Task description:
Repeat the listing exactly as given, omitting every image.

Given data:
::::::

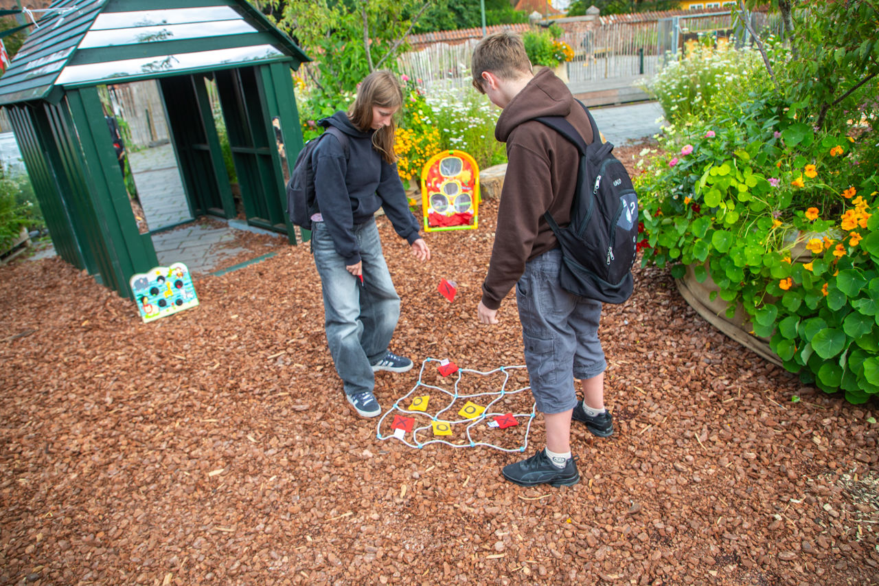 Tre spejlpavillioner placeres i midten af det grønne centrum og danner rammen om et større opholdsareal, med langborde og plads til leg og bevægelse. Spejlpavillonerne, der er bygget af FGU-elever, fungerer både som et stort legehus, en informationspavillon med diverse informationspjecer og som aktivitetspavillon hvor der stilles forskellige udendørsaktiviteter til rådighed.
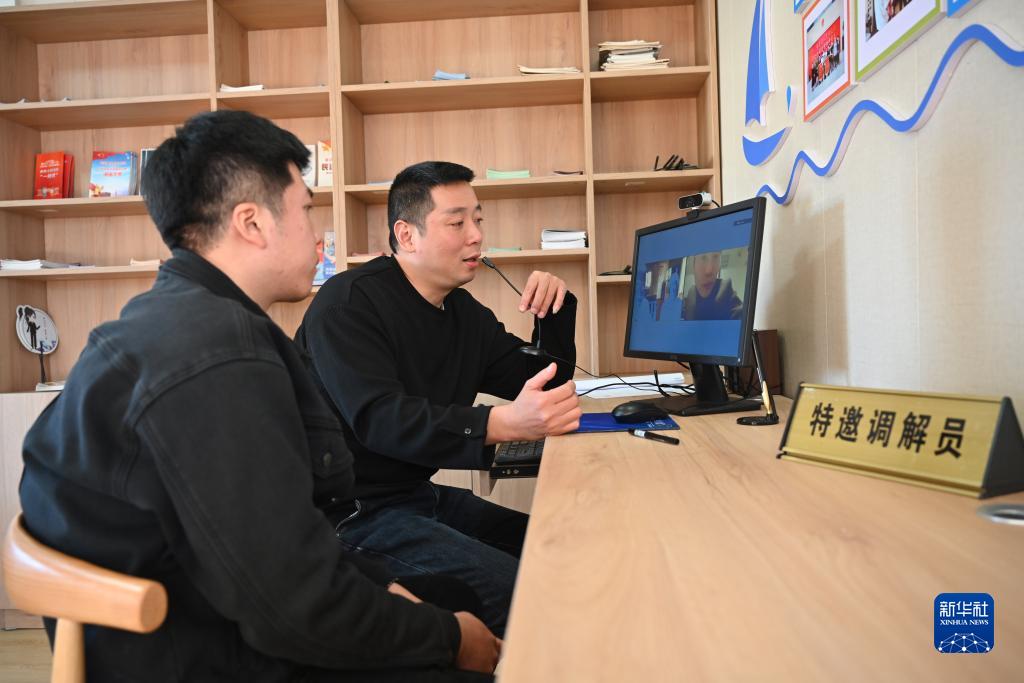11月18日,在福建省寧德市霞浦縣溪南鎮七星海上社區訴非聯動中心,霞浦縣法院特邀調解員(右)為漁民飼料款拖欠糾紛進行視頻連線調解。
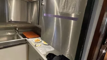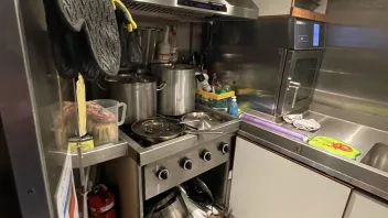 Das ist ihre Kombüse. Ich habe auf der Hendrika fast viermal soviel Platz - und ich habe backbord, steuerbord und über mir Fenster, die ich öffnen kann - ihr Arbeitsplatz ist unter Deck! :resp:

::::::

Exercise output:
 Tre spejlpavillioner placeres i midten af det grønne centrum og danner rammen om et større opholdsareal, med langborde og plads til leg og bevægelse. Spejlpavillonerne, der er bygget af FGU-elever, fungerer både som et stort legehus, en informationspavillon med diverse informationspjecer og som aktivitetspavillon hvor der stilles forskellige udendørsaktiviteter til rådighed.
11月18日,在福建省寧德市霞浦縣溪南鎮七星海上社區訴非聯動中心,霞浦縣法院特邀調解員(右)為漁民飼料款拖欠糾紛進行視頻連線調解。
 Das ist ihre Kombüse. Ich habe auf der Hendrika fast viermal soviel Platz - und ich habe backbord, steuerbord und über mir Fenster, die ich öffnen kann - ihr Arbeitsplatz ist unter Deck! :resp:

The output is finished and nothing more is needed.